It's getting cooler in most places this time of year so it's time to plan our annual *October Challenge.*

Let's use this thread to toss around some ideas and see what we can do for this year 

Post your thoughts, ideas, suggestions for:

- challenge date(s)
- format (points, runtime, results, etc)
- recruiting ideas
- prizes (hardware, games, etc)
- etc...

*UPDATES:*

- Challenge start/end date(s) are tentatively set for *10/16* thru *10/23*.


----------



## Tallencor (Oct 6, 2014)

I say it should be limited to one member( namely me) to avoid confusion and so that all people involved ( again just me ) come in first. Just a thought.
Oh yeah, I'm in.
@manofthem if it is *$ towards months end $* ( 17th & beyond )I will donate D.A. Inquisition via Steam. Assuming it is available for preorder by then. If not then another title of the winners choice( equal value) or they can wait. Up to them.


----------



## manofthem (Oct 6, 2014)

I'm in and stoked! 

@Tallencor I'm guessing we will be doing some kind of game giveaway, and a game donation is absolutely welcomed. Thanks!  

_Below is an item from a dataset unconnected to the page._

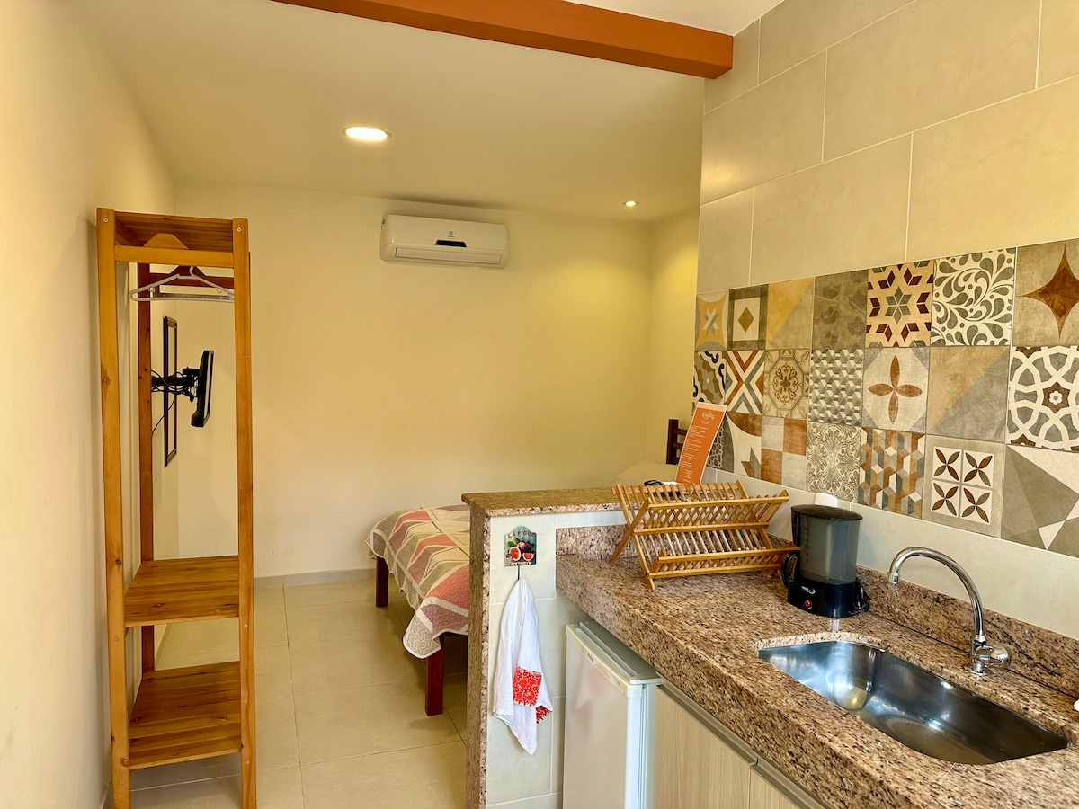 Relaxe neste lugar único e tranquilo. No espaço.temos uma cama de casal, TV smart 32 polegadas, mesa com duas cadeiras, Área de cozinha com microondas, geladeira, cafeteira, liquidificador, sanduicheira, armário, pia, pratos, copos, xícaras e talheres. Temos garagem e churrasqueira compartilhada.
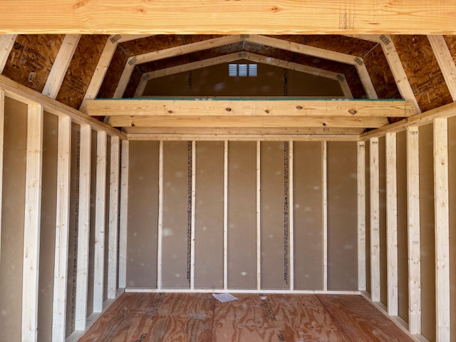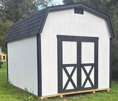 #63 - 10x12 Grand Barn, 2 lofts, white paint, black trim, black shingles

As far as the games go,  I'll take a gander and see what I can throw in.  


This Challenge is going to be good. Time to solicit some further pc power!


----------



## brandonwh64 (Oct 6, 2014)

Im super excited as well! Could not take part in the last one for kreig but I am in for this one!

Also have more games to give away!


----------



## Norton (Oct 6, 2014)

Thinking 10/23 thru 10/30 for the start/end dates but maybe a shorter duration or earlier date since the WCG 10th Birthday Challenge sponsored by SETI.Germany goes from 11/16 thru 11/25.

Thoughts?


----------



## ThE_MaD_ShOt (Oct 6, 2014)

Im in and sounds good. Also Norton I am still in with what we talked about.


----------



## OneMoar (Oct 6, 2014)

http://cl.ly/XtfV/Image 2014-10-06 at 6.57.50 PM.png


----------



## Tallencor (Oct 7, 2014)

Hey @brandonwh64 not to stalk or anything but someone over at the NCIX youtube channel has the same avatar. What are the chances hmmmmmm.


----------



## Nordic (Oct 7, 2014)

Perfect! I was revving up my cores anyway. I have at least one prize.

We should make this one about recruitment. Are computers, maybe just certain computers, actually efficient space heaters?


----------



## OneMoar (Oct 7, 2014)

thats why i started folding lol its getting like below 40F at night here this phenom II makes a +20F difference in room temps if I close the door


----------



## Arjai (Oct 7, 2014)

Me I'm in.

@Norton, I am all for these Challenges. As far as I am concerned, we should be in one every other week!! 

But I like the First one because we can Honor the new Cruncher's and they can all probably win something.

Then, for the WCG Birthday, it's up for grabs among all cruncher's/folder's wannabes and everyone else!



Just a thought....


----------



## Peter1986C (Oct 7, 2014)

Norton said:


> Thinking 10/23 thru 10/30 for the start/end dates but maybe a shorter duration or earlier date since the WCG 10th Birthday Challenge sponsored by SETI.Germany goes from 11/16 thru 11/25.
> 
> Thoughts?


A week earlier and of course a points challenge. Room heating is a good recruitment theme.


----------



## Norton (Oct 7, 2014)

Chevalr1c said:


> A week earlier and of course a points challenge. Room heating is a good recruitment theme.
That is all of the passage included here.